A party leader involved in the expansion efforts says: “Today, the BJP has achieved a position no other party could dream of. But we have weak spots in many parts of the country, and we have to turn to leaders from other parties till we develop our own core base there.” They also gave examples of likes of Assam chief minister Himanta Biswa Sarma or UP minister Jitin Prasad, who came from the Congress and have become the driving force for the BJP.

However, not everyone in the BJP is happy, particularly the second-rung leaders who have been long waiting in the wings and now find their position suddenly uncertain. Many are also uncomfortable about having to justify the crossovers to their ideological bases.

In private, several ask whether roping in leaders facing graft charges, instituted by the BJP’s own governments in many cases, is worth the questions it raises. They talk about “unfiltered” inductions, their “placation” via plum positions, and the embarrassment this leaves them facing.

These leaders also talk about the difficulty in explaining why the BJP’s own governments are now increasingly projecting a welfarist agenda, even as the party takes on the Opposition’s “revdi” culture. “As we dilute the principles the party stands for, it is becoming difficult for the BJP to stand apart,” says a party leader.

A district leader who has been with the BJP for long, quipped, “It is no longer a party with a difference. The BJP is now a party with differences.”

Another local leader spoke about Devendra Fadnavis, who “had worked hard for the party for years,” being told to step aside as chief minister, to let new BJP Sena ally Shinde take the post. “We have been working hard, many times we have spent money from our pockets to work for the party. Obviously, we expect opportunities in the party. But if this is how the opportunities in the party are distributed, where will we get a chance?” the leader said.

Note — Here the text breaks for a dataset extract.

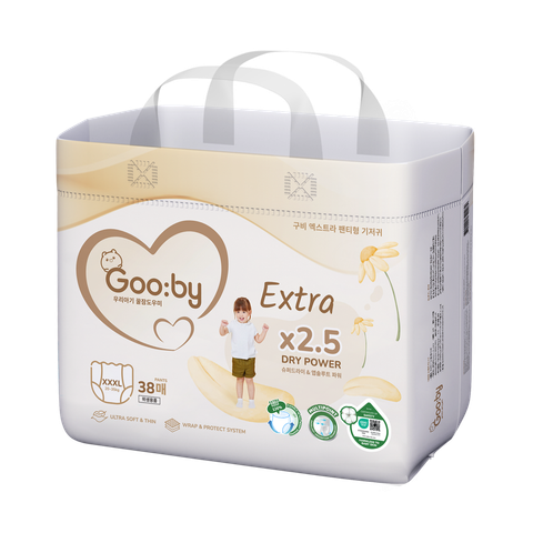 Tã quần Gooby Extra size XXXL (38 miếng) là dòng sản phẩm tã bỉm cao cấp từ thương hiệu GOOBY, được nghiên cứu và phát triển bởi VK Trading Hàn Quốc và sản xuất tại Trung Quốc theo công nghệ và giám sát chất lượng nghiêm ngặt từ chuyên gia Hàn Quốc. Sản phẩm được thiết kế đặc biệt cho các bé lớn có cân nặng từ 20 đến 35 kg, nổi bật với công nghệ Lock-Tech tiên tiến, bề mặt bông vi sợi hữu cơ siêu mềm mại, tinh chất hoa cúc Calendula giúp dưỡng da và ngừa hăm, cùng lõi nén Cotton-Soft siêu mỏng chỉ 1.8mm. Gooby Extra cam kết mang đến sự mềm mại, khô thoáng vượt trội và bảo vệ tối ưu cho làn da nhạy cảm của bé.

However, to others now facing a stint in the wings again, the question is why the party has not been able to accommodate those from the organisation in its governments. “Why is it that those who come through the ranks always get sidelined? Most of the positions – be it in Uttar Pradesh or Madhya Pradesh – go to the lateral entries. How many of the top ministers in the Union government have come through the ranks?” a young party leader in Madhya Pradesh asked.